Review  Cultures of Vision: Images, the Media, and the Imaginary
In the final two chapters Burnett examines the emergence and impact of video images on modern culture. In "Reinventing the Electronic Image," Burnett notes the "exponential growth in creativity and communication that has occured because of videotape, camcorders, desktop publishing, and the reinvention of sound across computer networks" (219).

He considers two types of video--political, activist video and artistic video--and finds that the two "operate in distinct realms, economically, culturally, and at the level of distribution" (226). Burnett warns that the tendency of the activist to idealize video, that is, to believe that video can "break through the smokescreens manufactured by mainstream media and commnicate directly to the people" (229) may be a trend which intensifies resistance to the critical examination of video as a medium. Burnett believes that we must reexamine the assumption that the video image will, by its very existance, "open up discourses and relationships hitherto repressed by the political anbd social situation in which the public found themselves" (244).

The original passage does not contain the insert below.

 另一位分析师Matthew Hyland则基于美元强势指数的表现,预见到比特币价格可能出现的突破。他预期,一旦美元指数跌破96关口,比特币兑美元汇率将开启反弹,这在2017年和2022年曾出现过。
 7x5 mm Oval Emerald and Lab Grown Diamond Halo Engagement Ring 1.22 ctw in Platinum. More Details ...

The final chapter deals less with image and more with the development of identity. Burnett claims that "we have entered an era in which the way information is transmitted is of less consequence than the use made of the material created" (278). The use which he apparently wishes to discuss is that of the construction of social and individual identity. Burnett considers at length the ways in which the construction of identity has become increasingly problematic, since the traditional ways in which we used to create identity are gone (286). Today, he argues, communities undergo "hyperchange," a process which is rapid, linear, exponential, discontinuous, and chaotic. Hyperchange allows no time for evaluation, interpretation.

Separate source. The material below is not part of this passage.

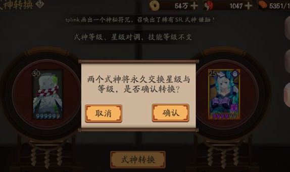 3、式神等级、星级对调,技能等级不变。(被调整的式神不影响,不相关)

This last chapter draws examples from a diverse set of video and television images, the making of a video in the Marshall Islands, a Superbowl halftime show, an episode of Seinfeld, and the work of the avant-garde video artists Bill Viola and Sadie Benning. Burnett seems most concerned with examining the cultural context that informs viewings of popular culture media and lobbies for the development of a more sophisticated set of critical tools that will analyse popular culture events. He concludes by saying that the advent of sophisticated multimedia technologies have made distinctions of all kinds "dysfunctional." He finds that,

[T]here can be no conclusion to this book, because as with electronic mail, there seems to be more and more reasons to continue writing....It has been the thrust of this book to explore all of these elements within the context of an 'old' medium. These printed words are themselves on of the best ways of 'seeing' and also an excellent strategy for challenging the idea that the imaginary can ever be enclosed within the various technologies that any culture creates" (334).